REQUIRED WORK. Once the line with "Nagy köves eljegyzési" is found in the entries below, print it and each following line exactly, stopping after the line with "- What you get: The"; print nothing else.

DATA TO PROCESS.

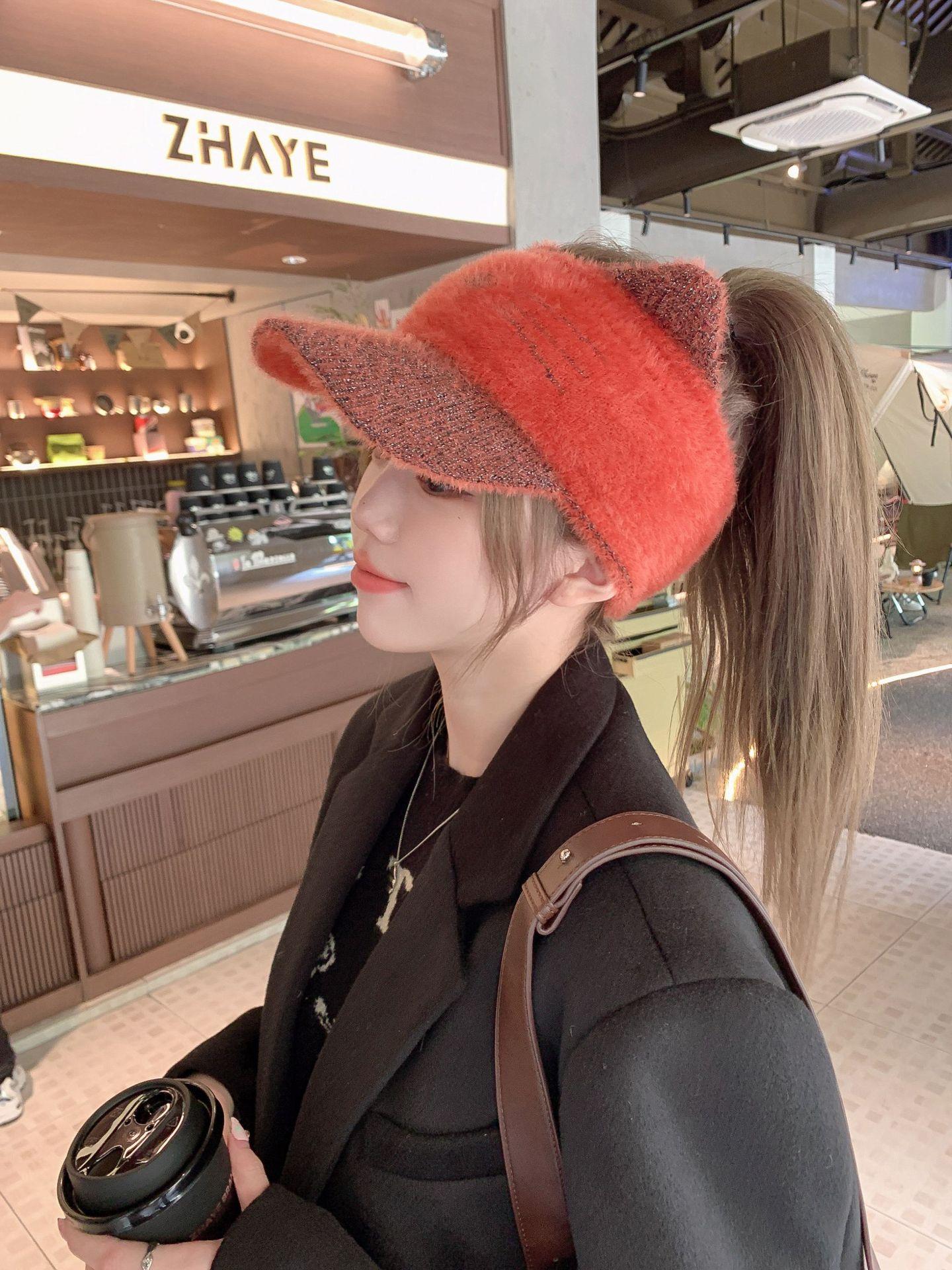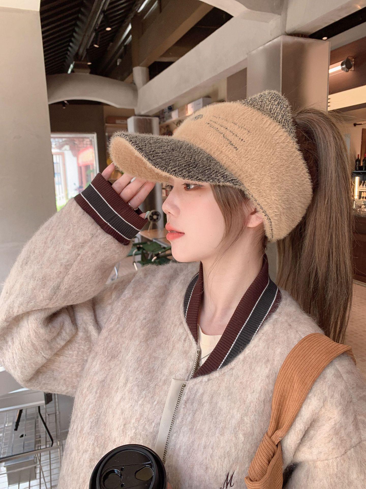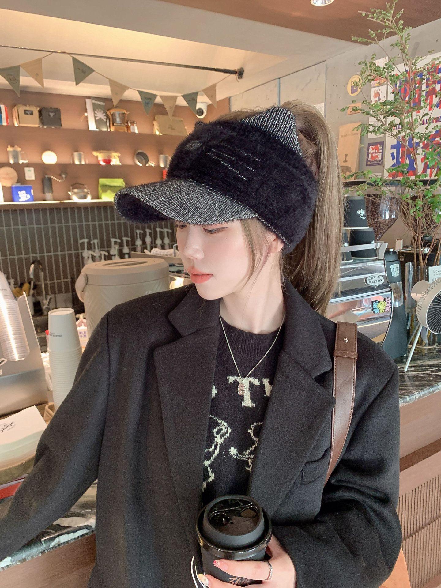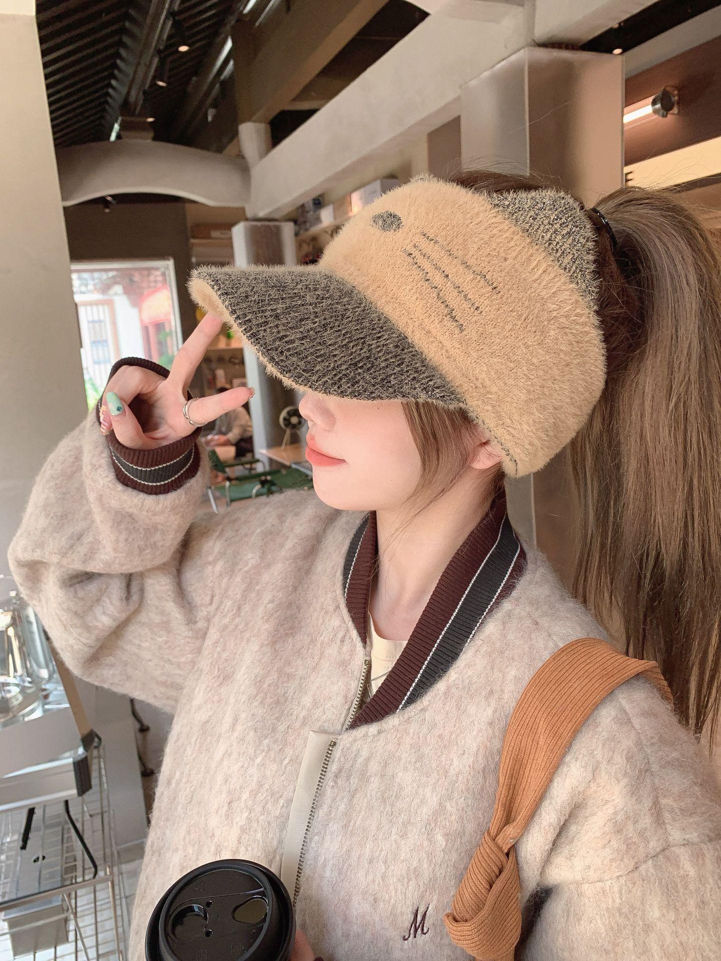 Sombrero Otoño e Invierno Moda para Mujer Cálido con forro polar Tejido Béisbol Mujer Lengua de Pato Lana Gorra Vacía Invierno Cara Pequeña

==

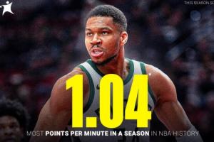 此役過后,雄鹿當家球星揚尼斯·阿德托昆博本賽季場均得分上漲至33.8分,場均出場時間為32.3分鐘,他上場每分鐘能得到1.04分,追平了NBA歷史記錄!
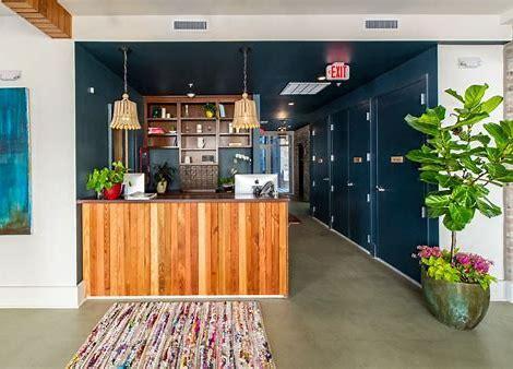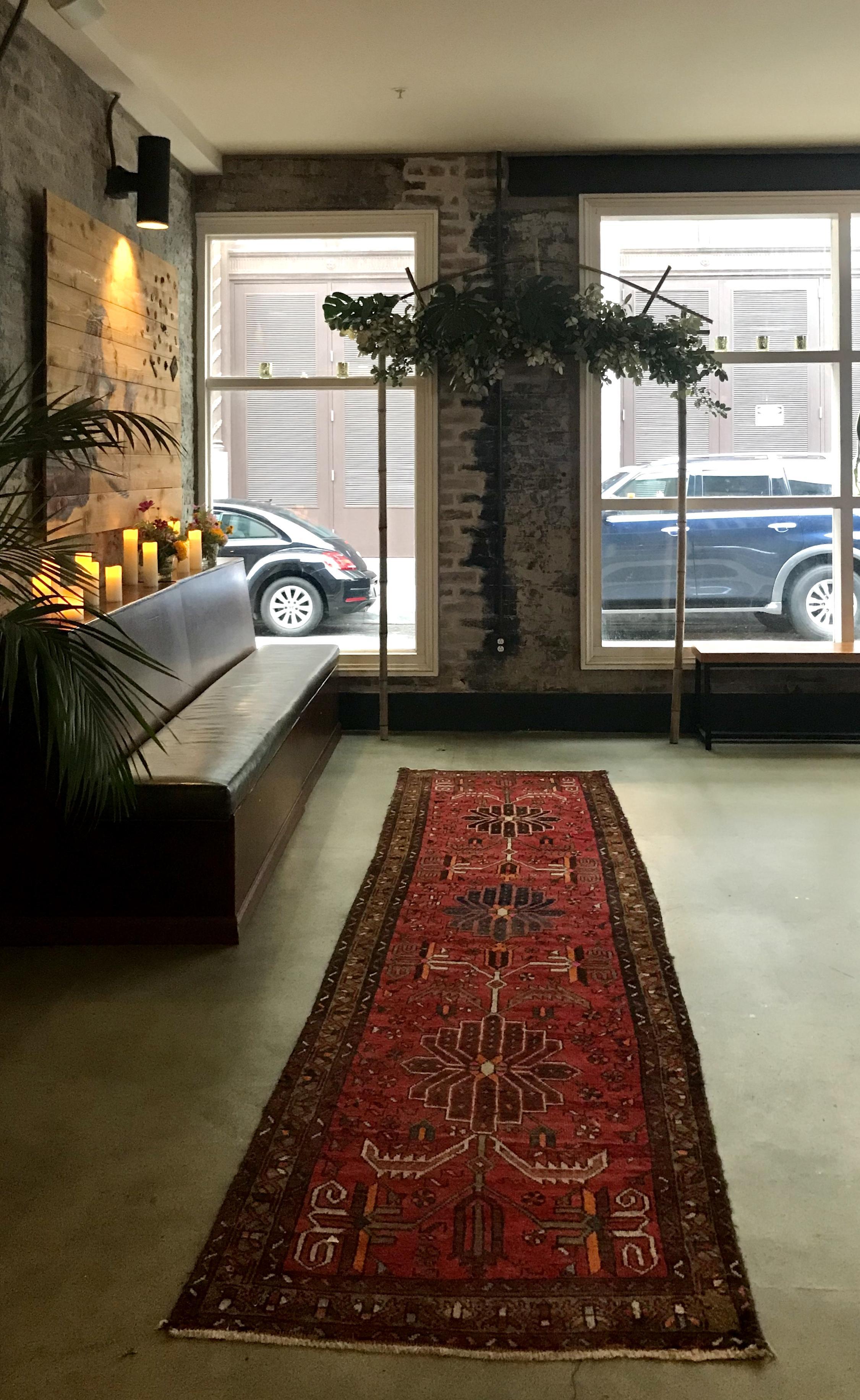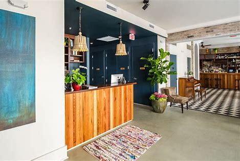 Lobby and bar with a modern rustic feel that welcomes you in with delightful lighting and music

--

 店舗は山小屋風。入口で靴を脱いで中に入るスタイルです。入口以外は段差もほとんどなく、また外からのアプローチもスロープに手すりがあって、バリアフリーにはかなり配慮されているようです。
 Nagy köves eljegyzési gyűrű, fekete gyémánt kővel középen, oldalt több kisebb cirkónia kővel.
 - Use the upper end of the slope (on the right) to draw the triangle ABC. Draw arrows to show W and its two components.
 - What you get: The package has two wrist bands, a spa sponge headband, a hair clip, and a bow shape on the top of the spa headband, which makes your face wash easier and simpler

SOLUTION FOR THIS TASK.
 Nagy köves eljegyzési gyűrű, fekete gyémánt kővel középen, oldalt több kisebb cirkónia kővel.
 - Use the upper end of the slope (on the right) to draw the triangle ABC. Draw arrows to show W and its two components.
 - What you get: The package has two wrist bands, a spa sponge headband, a hair clip, and a bow shape on the top of the spa headband, which makes your face wash easier and simpler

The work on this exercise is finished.